Strategic partnerships are formed when two business entities collaborate for a mutually beneficial purpose. A legal contract, which delineates the obligations and rights of each partner, defines the partnership. This contract creating and defining a strategic partnership must designate the responsibilities, obligations and contributions of each partner.
Strategic partnerships allow for the sharing of assets. For example, one partner may be relatively unknown while the other may be a well-established and respected firm, thereby increasing marketability. Ventures may also share resources such as equipment, workforce, experience, knowledge and infrastructure. In addition, companies located in different geographic locations may also share access to markets to broaden their collective market base.

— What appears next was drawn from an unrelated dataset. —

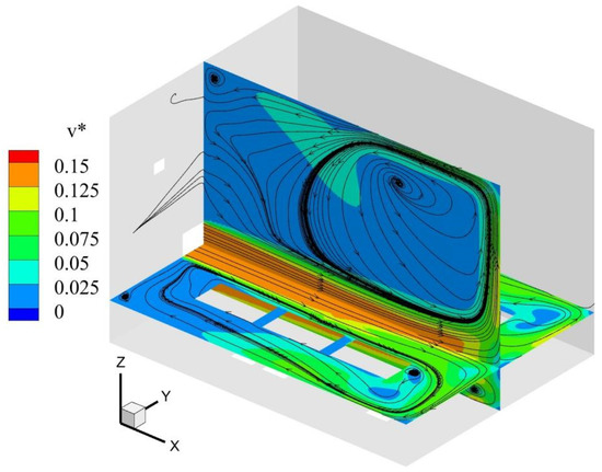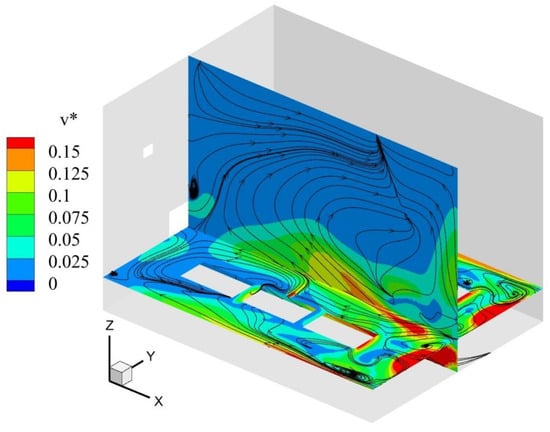 Referring to the results in the previous section, this section uses the same grid strategy for the calculation of the flow field under mixed ventilation conditions. Figure 9 shows the comparison of experimental and measured results in mixed ventilation conditions. Figure 10 shows the distribution of the flow field in mixed ventilation conditions. From Figure 9, it can be seen that the numerical results are more consistent with the experimental results at lower altitudes. When the altitude increases, the difference between the experimental and numerical results is greater due to the smaller airflow velocity. In general, the experimental and numerical results are in agreement. Figure 10 shows that due to the influence of the ducted air supply system, there are fewer vortices in the room compared to when only the roof exhaust is available. While there is more airflow directed to the roof vents, the higher airflow velocity is more concentrated in the lower part of the factory, which may lead to excessive concentrations of pollutants in certain parts.
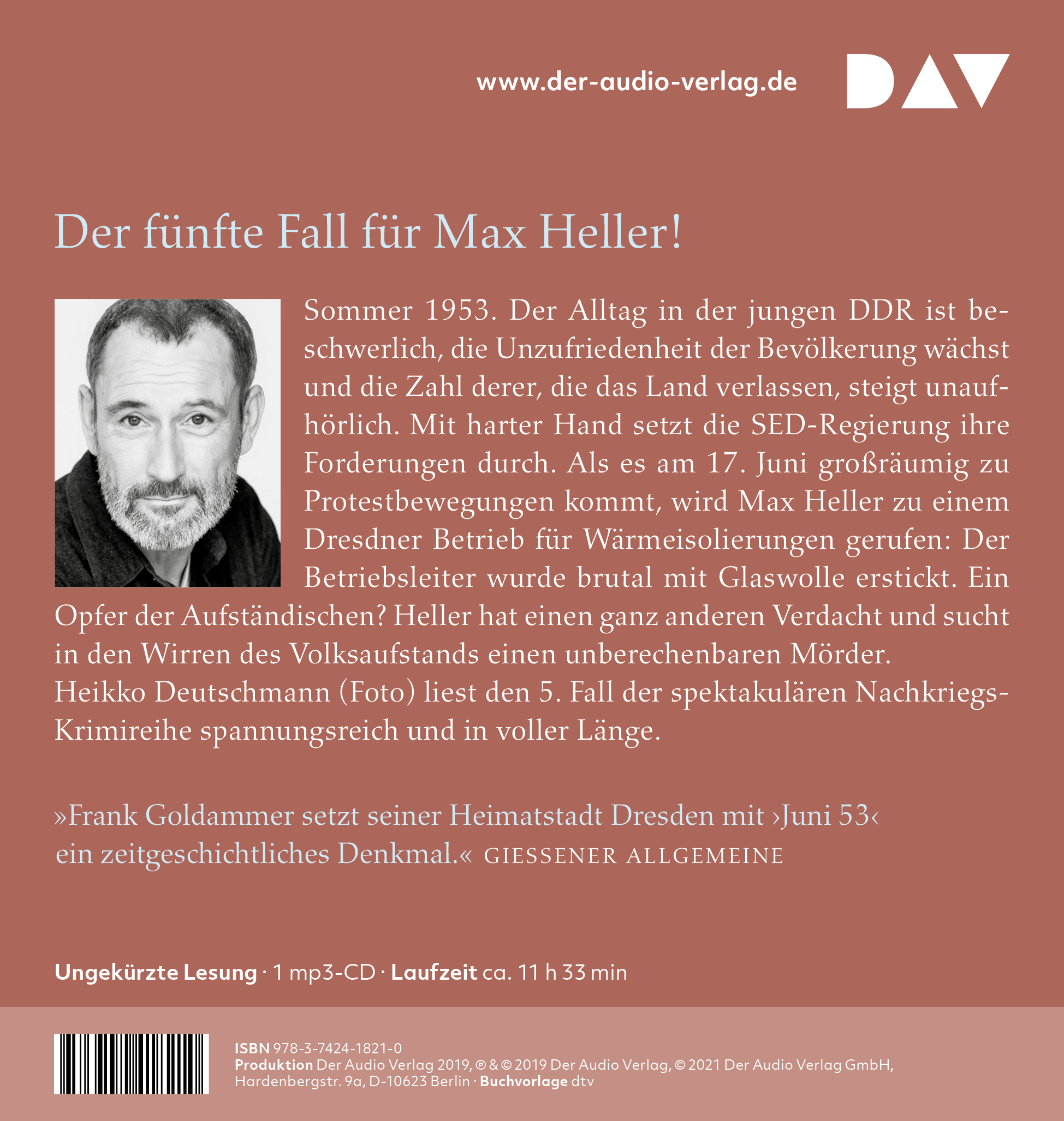 Heikko Deutschmann, geboren 1962, ist Schauspieler und Drehbuchautor. Er zählt zu den renommiertesten deutschen Hörbuchsprechern und hat für DAV bereits viele erfolgreiche Krimis eingelesen, darunter auch die ersten fünf Krimis von Frank Goldammer.

Partners must also decide on the legal structure of a partnership. One option may be to create a separate business entity in which both parties share ownership. If the parties choose this structure, the partnership is a joint-equity venture, and both individuals typically negotiate and sign a joint-venture agreement and memorandum of understanding. In some cases, the partners may choose not to establish a joint-equity venture. However, a legal contract delineating each partner’s roles and responsibilities may still provide some protection to both parties.
Strategic partnerships often involve many intricacies and complex legal decisions. Seeking the advice of an attorney with knowledge and experience in Texas laws governing such entities could help to ensure that the partnership is created appropriately and may help avoid future legal issues. With the right structure and a well-developed contract, a strategic partnership may be a sound business decision that will benefit all parties in such a venture.